[[Category:Software]]
== Description ==
Samtools is a suite of programs for interacting with high-throughput sequencing data.
It is closely related to BCFtools and to HTSlib. Primary documentation for all three
of these packages can be found at https://www.htslib.org/
* Samtools is for reading, writing, editing, indexing, and viewing files in SAM, BAM, or CRAM format
* BCFtools is for reading and writing files in BCF2, VCF, and gVCF format, and for calling, filtering, and summarizing SNP and short indel sequence variants
* HTSlib is a C-language library for reading and writing high-throughput sequencing data. It is used by both Samtools and BCFtools.
This page does not cover all features of Samtools. Please refer to [http://www.htslib.org/doc/samtools.html Samtools] for the complete list of all subtools.
To load the default version of samtools use module load samtools
, e.g.:
{{Commands
|module load samtools
|samtools
Program: samtools (Tools for alignments in the SAM format)
Version: 1.20 (using htslib 1.20)
Usage: samtools [options]}}
For more on the module
command, including how to find other versions of samtools, see [[Utiliser_des_modules/en|Using modules]]
== General usage ==
SAMtools provides tools for manipulating alignments in SAM and BAM formats.
A common task is to convert SAM files ("Sequence Alignment/Map") to BAM files.
BAM files are compressed versions of SAM files and are much smaller in size; the "B" stands for "binary".
BAM files are easy to manipulate and are ideal for storing large nucleotide sequence alignments.
CRAM is a more recent format for the same type of data, and offers still greater compression.
=== Converting a SAM file to a BAM file ===
Prior to converting, verify if your SAM file carries a header section with character “@”. You can inspect the header section using the view command:
{{Command|samtools view -H my_sample.sam}}
If the SAM file contains a header, either of these forms can be used to convert the data to BAM format:
{{Commands
|samtools view -bo my_sample.bam my_sample.sam
|samtools view -b my_sample.sam -o my_sample.bam}}
If headers are absent, you can use the reference FASTA file to map the reads:
{{Command|samtools view -bt ref_seq.fa -o my_sample.bam my_sample.sam}}
=== Sorting and indexing BAM files ===
You may also have to sort and index BAM files for many downstream applications
{{Commands
|samtools sort my_sample.bam -o my_sample_sorted.bam
|samtools index my_sample_sorted.bam}}
You can also convert a SAM file directly to a sorted BAM file using the shell pipe:
{{Command|
[name@server ~]$ samtools view -b my_sample.sam | samtools sort -o my_sample_sorted.bam}}
A sorted BAM file, together with its index file with extension .bai
, is a common prerequisite for many other processes such as variant calling, feature counting, etc.

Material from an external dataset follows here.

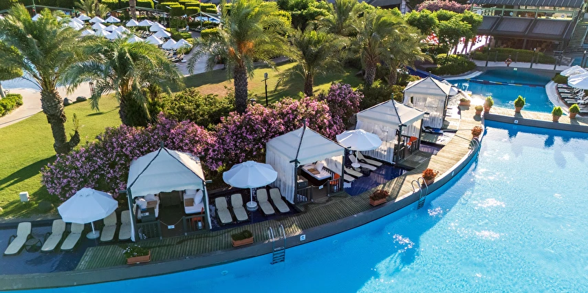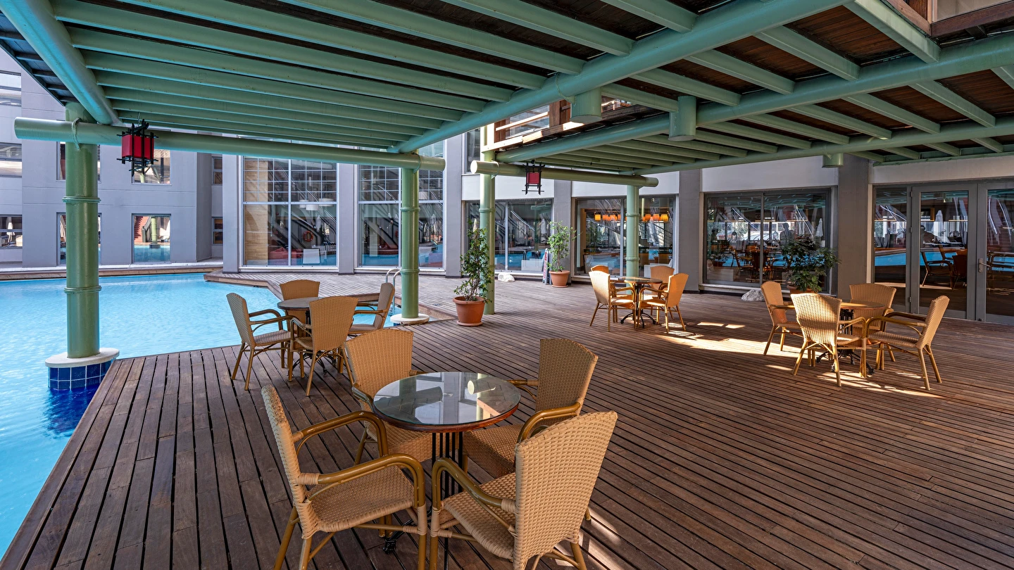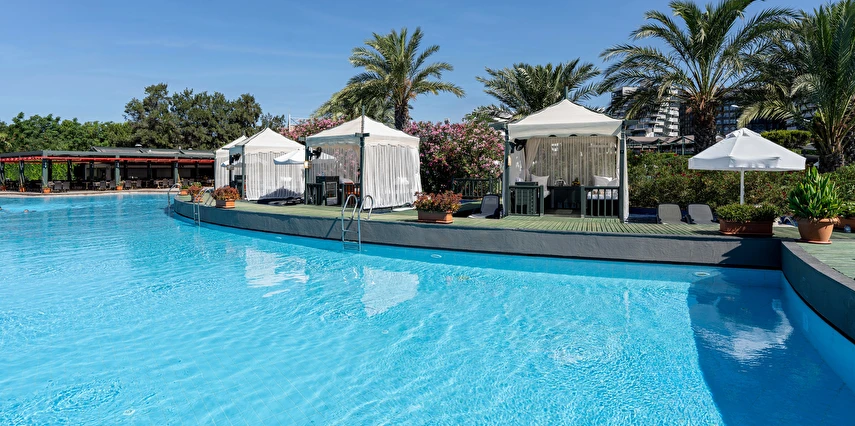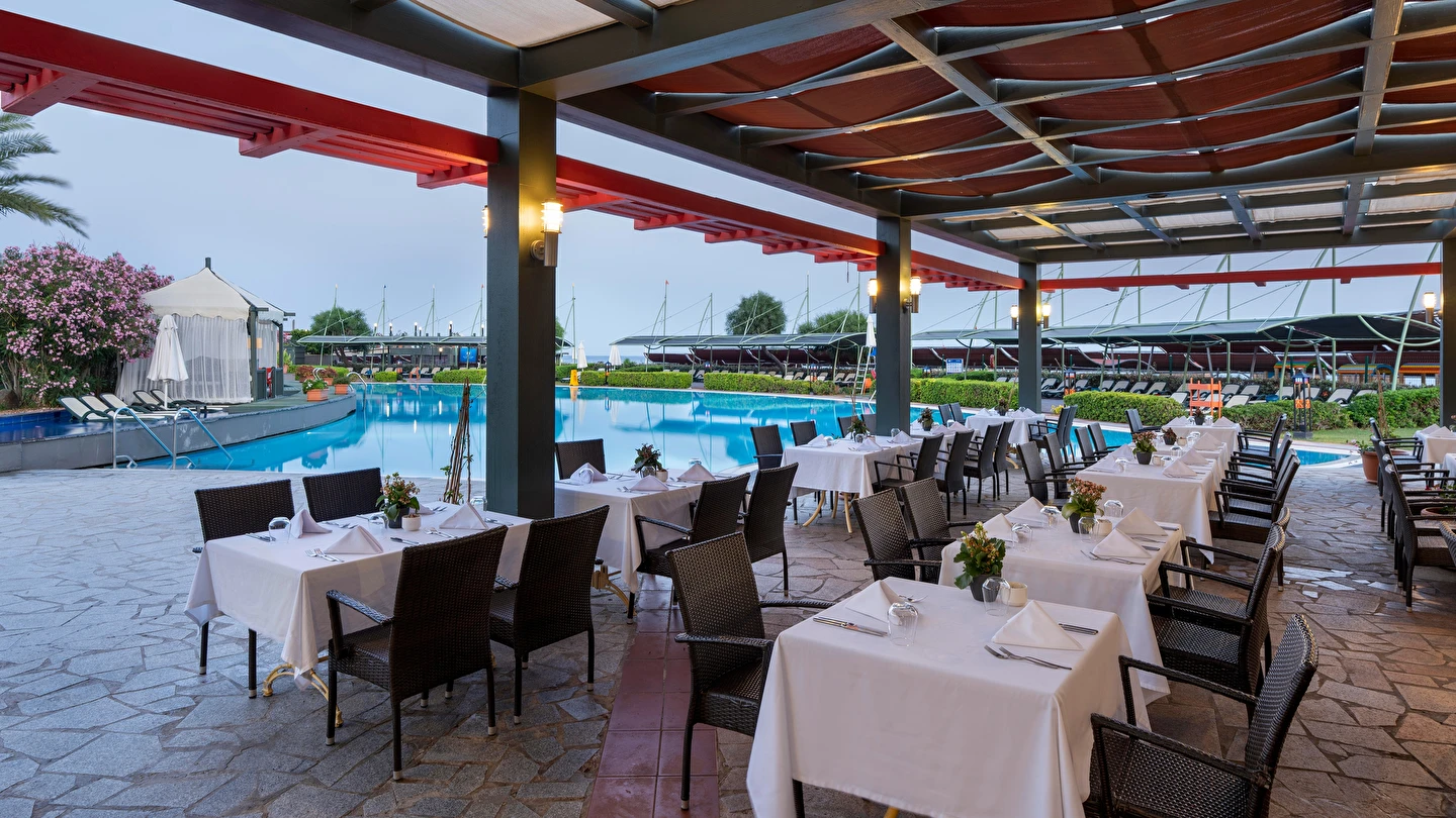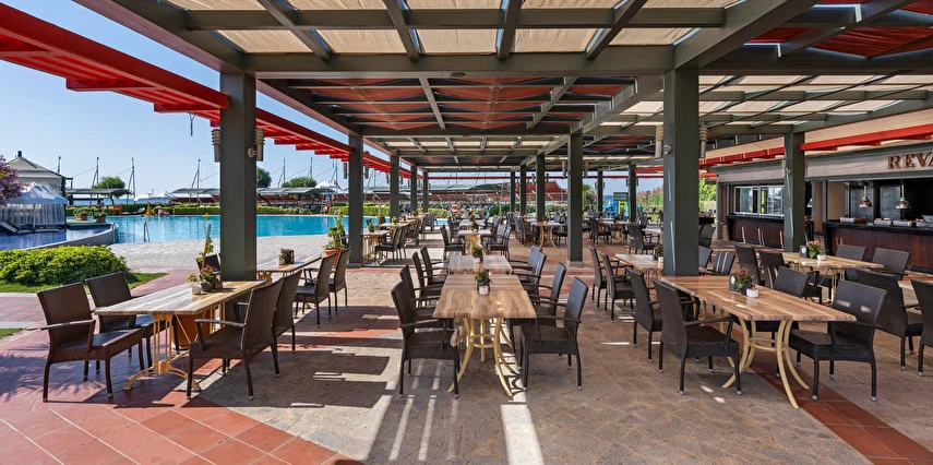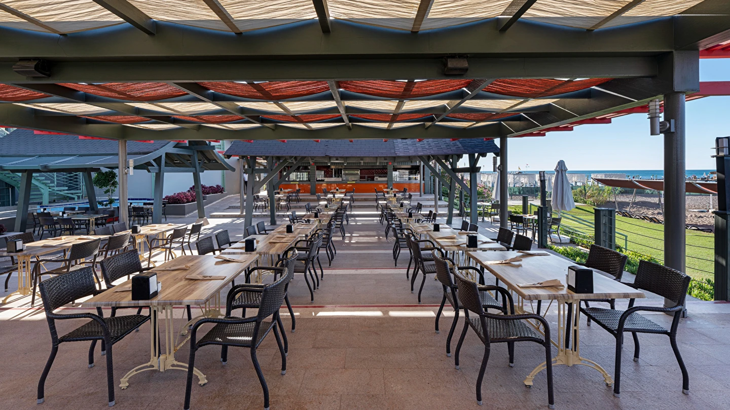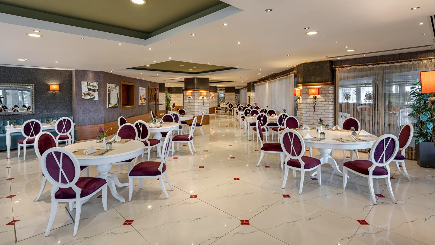 Sabah kahvaltısı, öğle ve akşam yemekleri açık büfe olup tesisin belirlediği markalar dahilinde yerli alkollü ve alkolsüz içecekler 24 saat ücretsizdir. Tüm şişelenmiş kutu, kapalı yerli ve yabancı içecekler, ithal içkiler, Taze sıkılmış meyve suyu, paket dondurma ücretlidir.

=== Processing multiple files with multithreading and/or GNU parallel ===
You will typically have more than one SAM file to process at one time.
A job script with a loop is a good way to handle multiple files, as in the following example:
{{File
|name=samtools.sh
|lang="bash"
|contents=
#!/bin/bash
#SBATCH --cpus-per-task 1
#SBATCH --mem-per-cpu=4G
#SBATCH --time=3:00:00
module load samtools/1.20
for FILE in *.sam
do
time samtools view -b ${FILE} {{!}} samtools sort -o ${FILE%.*}_mt_sorted.bam
done
}}
Samtools typically runs on a single core by default but in some cases it may improve your efficiency to use multithreading or GNU parallel.
Samtools can take advantage of multiple cores ("multithreading") if given the -@
flag:
{{File
|name=samtools_multithreading.sh
|lang="bash"
|contents=
#!/bin/bash
#SBATCH --cpus-per-task 4
#SBATCH --mem-per-cpu=4G
#SBATCH --time=3:00:00
module load samtools/1.20
for FILE in *.sam
do
time samtools view -@ ${SLURM_CPUS_PER_TASK} -b ${FILE} {{!}} samtools sort -o ${FILE%.*}_mt_sorted.bam
done
}}
A different way to take advantage of multiple cores is to use GNU parallel to process multiple files concurrently:
{{File
|name=samtools_gnuparallel.sh
|lang="bash"
|contents=
#!/bin/bash
#SBATCH --cpus-per-task 4
#SBATCH --mem-per-cpu=4G
#SBATCH --time=3:00:00
module load samtools/1.20
find . -name "*.sam" {{!}} parallel -j ${SLURM_CPUS_PER_TASK} "time samtools view -bS {} {{!}} samtools sort -o {.}_mt_sorted.bam"
}}
The above script will execute view and sort on four SAM files concurrently.
If you have more input files, modify the --cpous-per-task request.